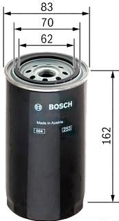 Описание Топливный фильтр Bosch F026402002; Исполнение фильтра: накручиваемый; Диаметр корпуса: 83 мм; Высота: 162 мм
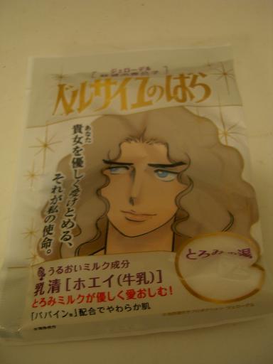 ジェローデル入浴剤。(ジェローデルとは? オスカルに求婚するも、オスカルのアンドレへの想いを知って清く身を引く。ベルバラの主要男性キャラにオスカル様を入れないと、この人が出てくるのか!!)乳白色の入浴剤でヨーグルトの香り。キャッチフレーズは『貴女を優しく受け止める、それが私の使命』←そんな使命感をお持ちでしたか!? これ、何かぬるぬるしてて、まあ、とろみの湯という入浴剤なのだがそのぬるぬるが溶けるまで10分かかります、と書いてある。何かぬるぬるって清い感じぢゃないぜ、ジェローデル・・・。何か後をひく感じだよ。しかし肌はツルツルになる気がする。優しさとぬるぬるさはどう関係があるんやろう???キャラは好きぢゃないけど匂いは好き。
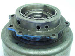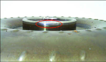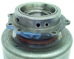 Our test converter hub shows the contact point between the converter hub and an OE seal lip installed in typical fashion (figure 2). This contact point is very near the end of the hub, and in operation the hub may pull partially out of the seal, causing a substantial front leak.
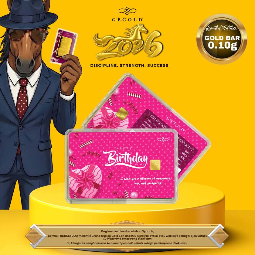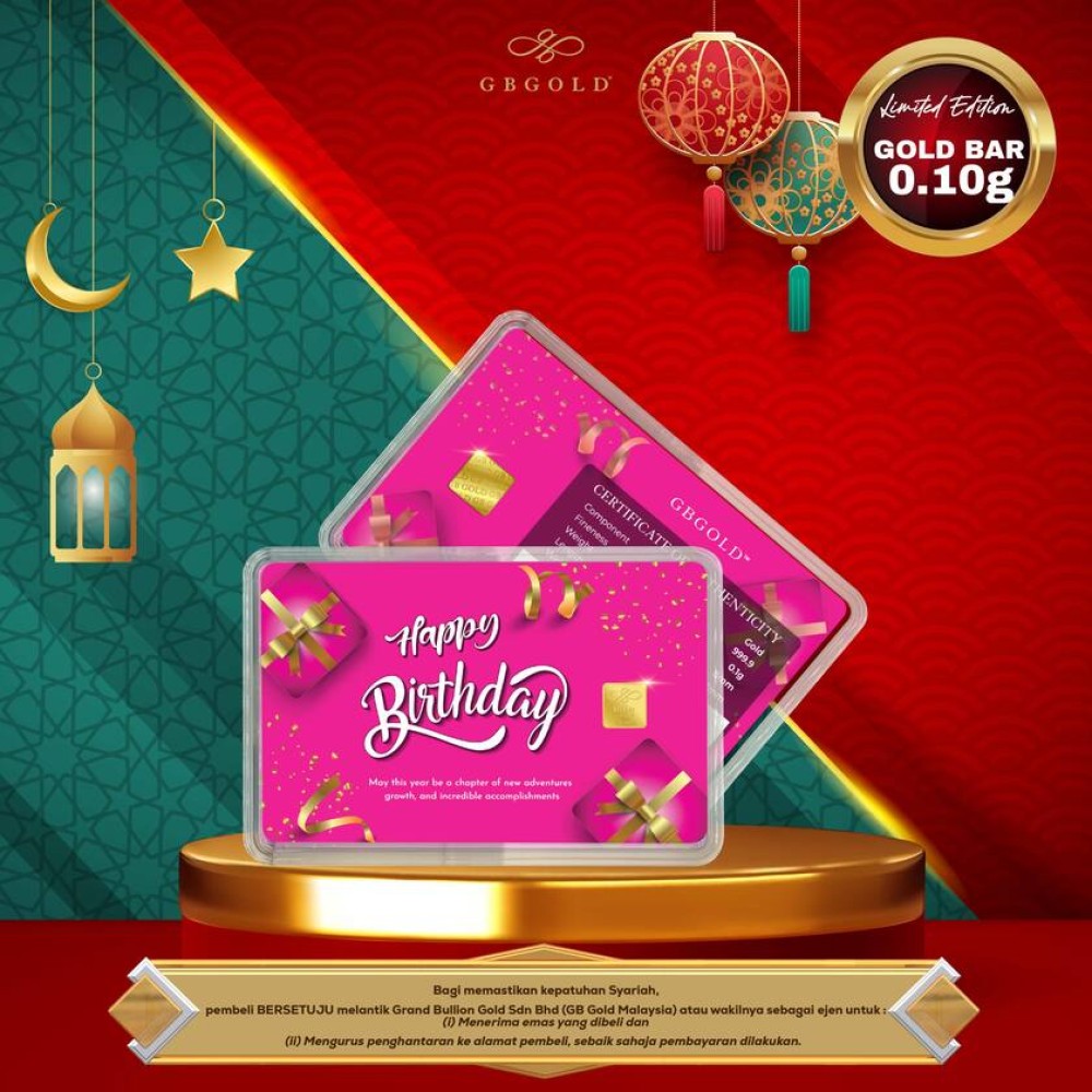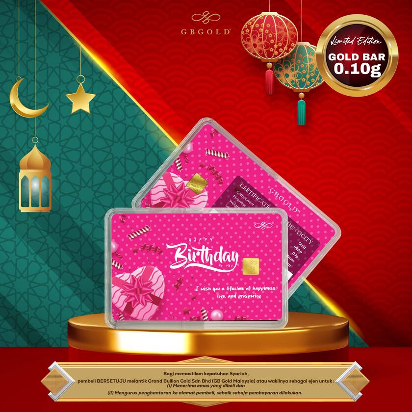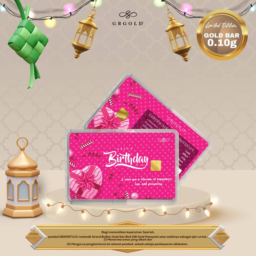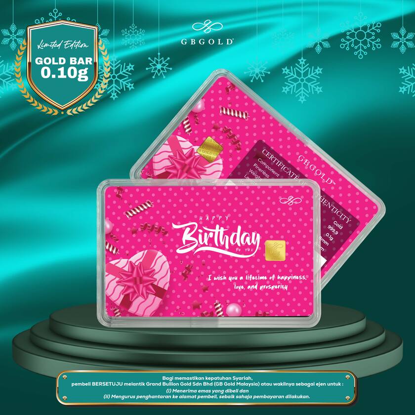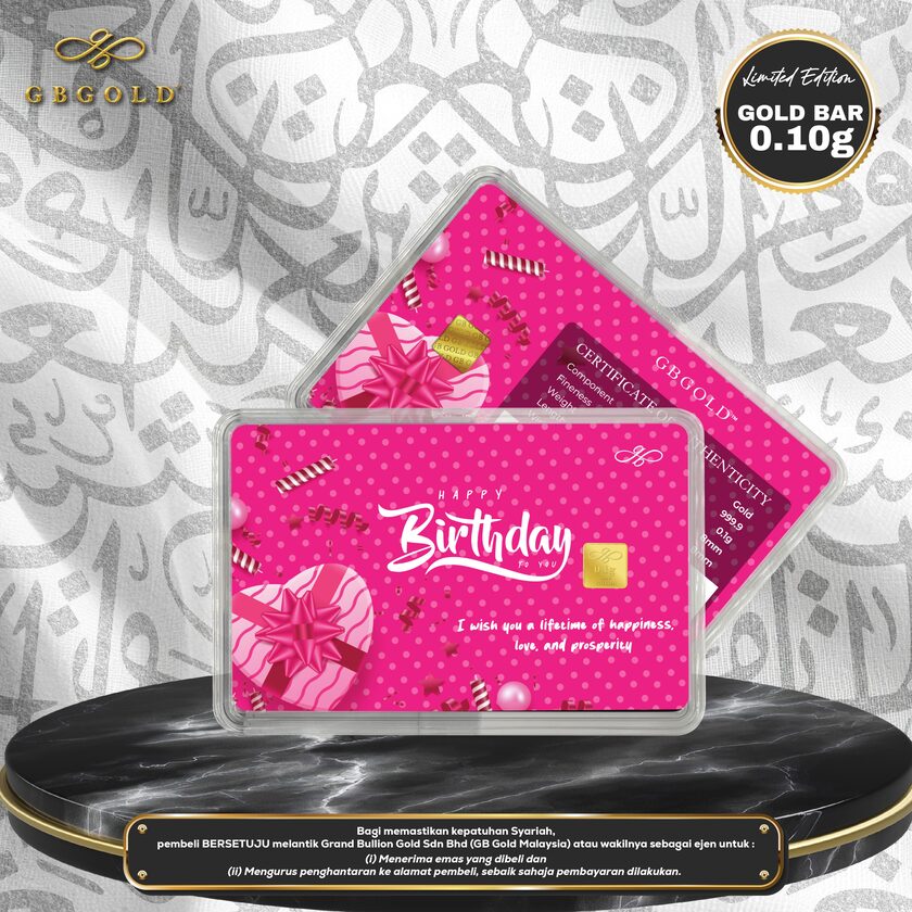 Introducing the GB GOLD Happy Birthday Bubble Pink Gold Bar 0.1g (Emas 999.9), the perfect addition to your collection of gold decorations and accessories. Crafted with 999.9/24K purity, this gold bullion bar is a must-have for any discerning collector.
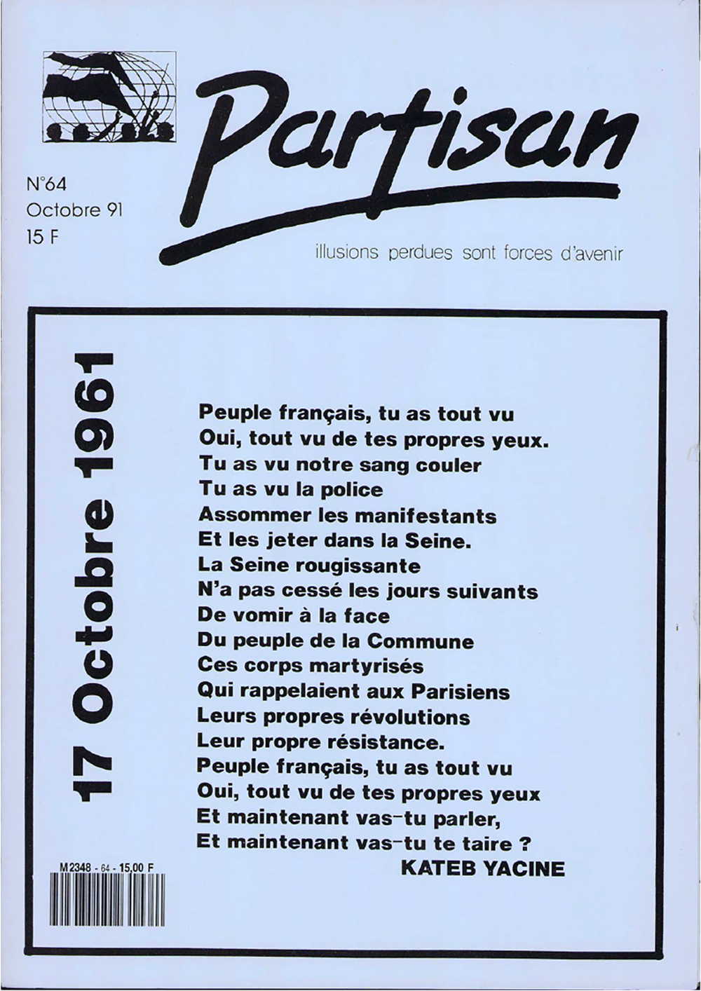 Vous êtes dans la rubrique > Archives > Couverture : Poème de Kateb Yacine 17 octobre 1961
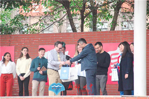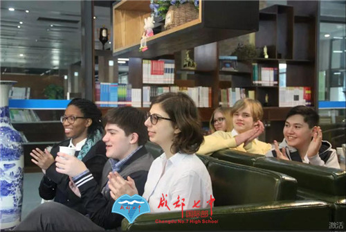 除此以外,成都七中也特别为这群远道而来的客人准备了隆重的欢迎仪式,成都七中胡勇校长致辞,并且与The Masters School老师代表Dr.Fish互赠礼物。作为感谢,Masters的两位学生代表也精心准备了歌曲《Danny Boy》,悠扬的歌声回荡在七中校园,浸润了每一名师生的心。
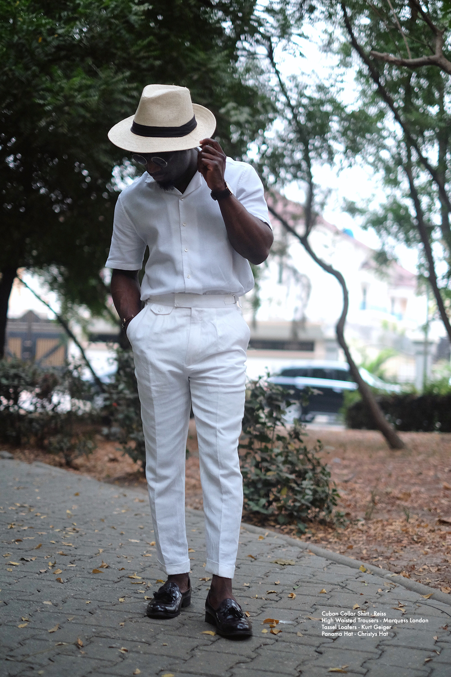 There is a complete sense of merging classic with contemporary with the high-waisted trousers and cuban collar shirt paired with a patent russet loafers and panama hat. All tailored to a modern fit and look.

○ ○ ○

• [PROBLEM STATEMENT] When a line carries an image, skip the image and repeat everything else above exactly as written.

• [COMPLETED TASK]
 Описание Топливный фильтр Bosch F026402002; Исполнение фильтра: накручиваемый; Диаметр корпуса: 83 мм; Высота: 162 мм
 ジェローデル入浴剤。(ジェローデルとは? オスカルに求婚するも、オスカルのアンドレへの想いを知って清く身を引く。ベルバラの主要男性キャラにオスカル様を入れないと、この人が出てくるのか!!)乳白色の入浴剤でヨーグルトの香り。キャッチフレーズは『貴女を優しく受け止める、それが私の使命』←そんな使命感をお持ちでしたか!? これ、何かぬるぬるしてて、まあ、とろみの湯という入浴剤なのだがそのぬるぬるが溶けるまで10分かかります、と書いてある。何かぬるぬるって清い感じぢゃないぜ、ジェローデル・・・。何か後をひく感じだよ。しかし肌はツルツルになる気がする。優しさとぬるぬるさはどう関係があるんやろう???キャラは好きぢゃないけど匂いは好き。
 Our test converter hub shows the contact point between the converter hub and an OE seal lip installed in typical fashion (figure 2). This contact point is very near the end of the hub, and in operation the hub may pull partially out of the seal, causing a substantial front leak.
 Introducing the GB GOLD Happy Birthday Bubble Pink Gold Bar 0.1g (Emas 999.9), the perfect addition to your collection of gold decorations and accessories. Crafted with 999.9/24K purity, this gold bullion bar is a must-have for any discerning collector.
 Vous êtes dans la rubrique > Archives > Couverture : Poème de Kateb Yacine 17 octobre 1961
 除此以外,成都七中也特别为这群远道而来的客人准备了隆重的欢迎仪式,成都七中胡勇校长致辞,并且与The Masters School老师代表Dr.Fish互赠礼物。作为感谢,Masters的两位学生代表也精心准备了歌曲《Danny Boy》,悠扬的歌声回荡在七中校园,浸润了每一名师生的心。
 There is a complete sense of merging classic with contemporary with the high-waisted trousers and cuban collar shirt paired with a patent russet loafers and panama hat. All tailored to a modern fit and look.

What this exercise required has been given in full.